中国史に関する書籍・映画・テレビ番組の感想などをつれづれに語るブログです。

『パンダ外交』

2011年03月07日 | 中国学書籍
家永真幸『パンダ外交』(メディアファクトリー新書、2011年2月)

文字通り、中国が民国期から現代に至るまでパンダをいかに政治的に利用してきたかを概説した本です。色々と面白いネタが多い本ですが、一番の読み所は蒋介石の妻にして「宋家の三姉妹」の一人宋美齢が、1941年にパンダのペアをニューヨークの動物園に贈った話。

当時の中国は日中戦争の真っただ中で、蒋介石の国民政府は日本との戦争を戦い抜くため、アメリカの支援を必要としていました。そこで中国側が対米プロパガンダのマスコットとして利用したのがパンダでした。「平和の象徴」としてのパンダをアピールし、また欧米で広まっていた動物愛護の思想が中国でも受け入れられていることを示すことで、中国は欧米諸国と思想を共有する文明国であり、その中国が現在野蛮な日本に侵略されているというメッセージの伝達に成功します。

国際社会において先進国と価値観を共有していることを示す重要性を早くから認知していた中国。でも今の中国はあんまりこれがうまく出来てないような感じですね。で、今も昔もその重要性があんまり認識できていないのが日本というわけですね……orz

中華人民共和国になってからも、パンダを切望する日本に敢えてパンダを贈らないことで、中華人民共和国との国交樹立を渋る佐藤栄作政権にダメ出ししたり、国外へのパンダ供給が贈呈からレンタル方式へと切り替わり、贈呈が香港・マカオといった旧植民地を含めた国内に限られるようになると、台湾にパンダを「贈呈」することで台湾を中国「国内」と見なそうとしたり、(これに対して台湾は、適当な理由をつけて拒否したり、あるいはパンダがやって来るのは国際移動という体裁を整えて対抗)パンダの扱いを通じて外交に熟達していく中国の姿が描かれます。

以下、面白かった小ネタをピックアップしておきます。

○パンダの古称の話

これまでの研究では古文献に見える貘・騶虞・貔貅などがパンダの古称とされてきましたが、著者によるとこのうち貔貅が確実にパンダを指しているとのこと。その心は、貔貅(bixiu)の音が、20世紀初頭のパンダの呼称である白熊(baixiong)の音に似ているからだということなんですが、残念ながらその手の音通説にはあんまり説得力がありません(^^;) よしんば貔貅がパンダを指す語であったとしても、当初は別の動物、あるいは空想上の珍獣を指していたのが、かなり後になってパンダの意味で使われるようになったのではないかと思います。
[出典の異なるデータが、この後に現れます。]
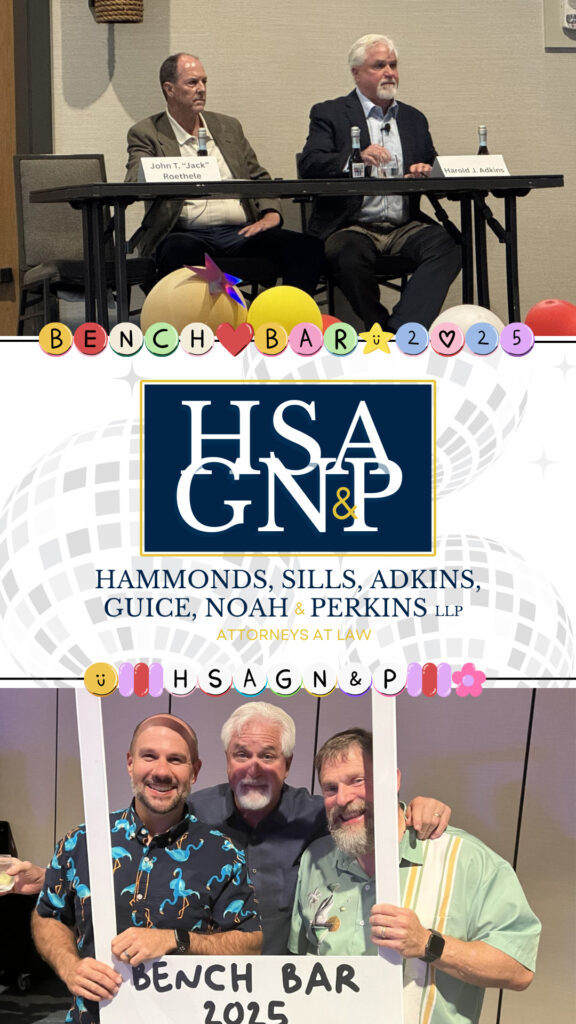 This year’s Baton Rouge Bar Association’s Bench Bar Conference took place in Gulf Shores, Alabama and hosted at The Lodge. HSAGN&P was a proud sponsor at this year’s event and multiple team members attended. Hal Adkins presented on the topic “Out of the Woods (and Court)” along with fellow mediator, Jack Roethele. Pictured below from the event are HSAGN&P team members, Hal Adkins, Kyle Celestin, and Scott Thomas, along with Jack Roethele.

○イギリス留学の条件としてパンダの捕獲を命じられた動物学者の話

第二次大戦終戦直後、当時の民国政府はイギリスのロンドン動物園にパンダを贈呈するかわりに、中国側が派遣する留学生を受け入れ、奨学金を支給するよう要求。そして四川大学の馬徳が留学生として選ばれますが、肝心のイギリス側に贈るパンダが確保できません。で、馬徳自身がパンダを確保するよう命じられ、四川で地元民を動員して捕獲に奔走することに。この話、読んでて何だか胸が熱くなってきますw

○黒柳徹子の話

黒柳徹子は実は戦前からの年季の入ったパンダマニアで、パンダの歴史の生き証人とも言うべき存在。きっかけは小学校低学年の頃にカメラマンの叔父からアメリカ土産としてもらったパンダのぬいぐるみだったということですが、本書によると日本でパンダが広く認知されるようになったのは1970年代からということなので、30年ほど流行を先取りしていたことになるわけですね。

この他にもアニメ映画『白蛇伝』に出て来るパンダ、パンダを通して見えてくる石原慎太郎の意外な政治手腕など、小ネタをつまむだけでも楽しい本です。なお、著者の家永氏の本来の専攻は故宮文物や出土文物など中国の国宝・文化財の政治利用とのことですが、個人的にはそっちの方の話も読んでみたいところです。